Judge Motz: NFIB “puts a new light” on the Commerce Clause

May 17th, 2013

Following the Supreme Court’s opinion in NFIB v. Sebelius, to the surprise of some, the Justices remanded the case of Liberty University v. Geithner. This case, which considered not only the individual mandate, but also the contraceptives mandate, was not definitively resolved by NFIB. Yesterday, the Fourth Circuit heard oral arguments, with the same panel that two years ago dismissed the challenge under the AIA.

According to a report from Politico (I haven’t seen the transcripts), Judge Motz had a very distinct view of the commerce clause following NFIB.

Klein argued that Congress has a long history of regulating employer health plans under the Commerce Clause — and that the employer mandate is no different.

But Motz suggested that last year’s health law ruling in the case brought by 26 states and the National Federation of Independent Business — in which the Supreme Court said the individual mandate is not valid under the Commerce Clause but valid under the taxing power — put new restrictions on the Commerce Clause.

“The Supreme Court opinion puts a new light, it seems to me, on the Commerce Clause,” Motz said. “It sounds like we’re in a new regime [post] NFIB.”

I think Judge Motz’s characterization of our “new regime” after NFIB is accurate. Her comment is a different way of describing what Larry Solum has referred to as our shifted “constitutional gestalt.” The gestalt is the notion that although NFIB did not repudiate the New Deal settlement, going forward, the scope of the federal government’s authority will be open to constitutional contestation.

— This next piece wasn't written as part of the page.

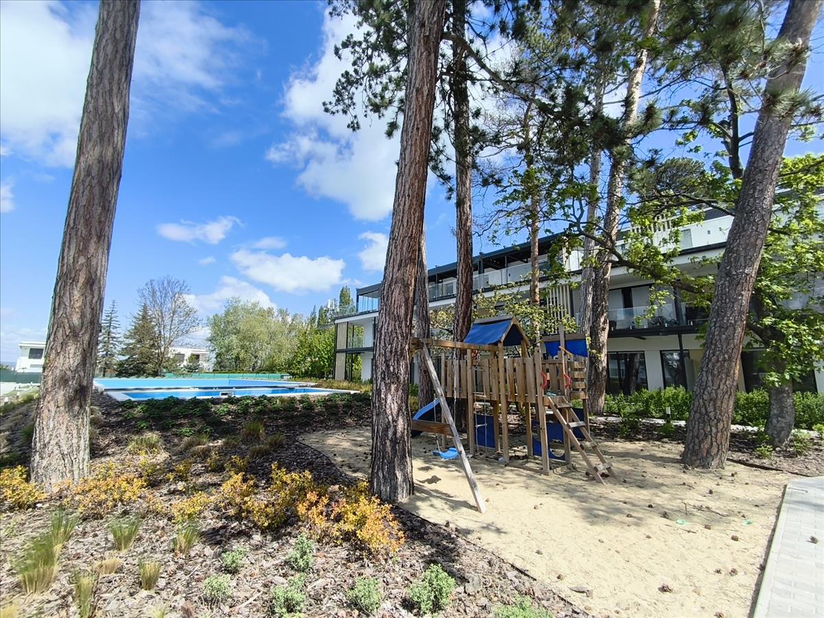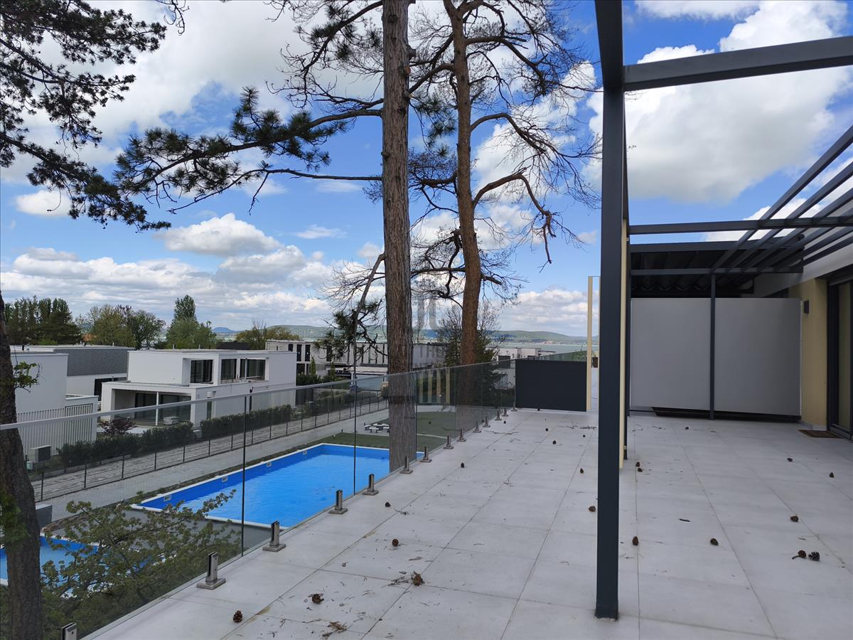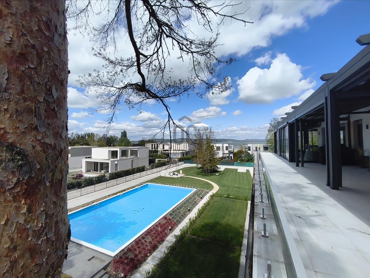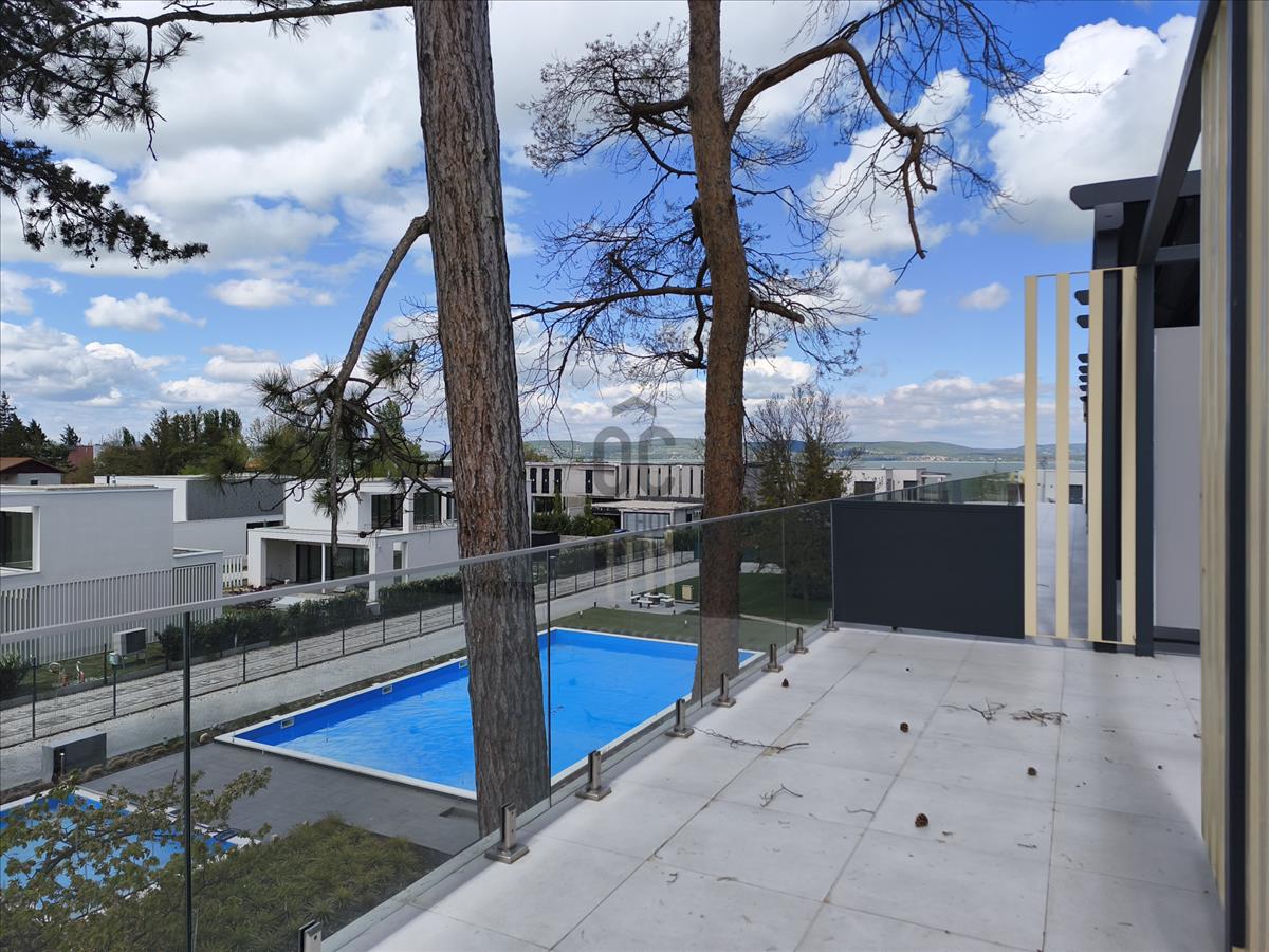 Balatonlellén, vízparti ősfás környezetben, új építésű, 78 m2-es penthouse, luxus lakás 68, 18 m2-es terasszal, balatoni panorámával, komplett berendezéssel, 2 db felszíni parkolóval eladó.

I discuss this theme in my book, Unprecedented, and added this great quotation from Judge Motz:

Perhaps more importantly, beyond constitutional doctrine, NFIB v. Sebelius altered our collective consciousness about the relationship between the federal government and individual liberty. By shifting what Prof. Larry Solum has referred to as the “constitutional gestalt,” NFIB has forced us to rethink our assumptions about what we thought was settled law.  In May 2013 during oral arguments over a followup case about the Affordable Care Act, Judge Diana Gribbon Motz observed that NFIB “puts a new light, it seems to me, on the Commerce Clause.” The Fourth Circuit judge, who two years earlier had dismissed a challenge to the ACA under the Anti-Injunction Act without addressing the commerce clause analysis, added, “it sounds like we’re in a new regime [post] NFIB.” Judge Motz is correct. NFIB has forced us to rethink our assumptions about what we thought was settled law.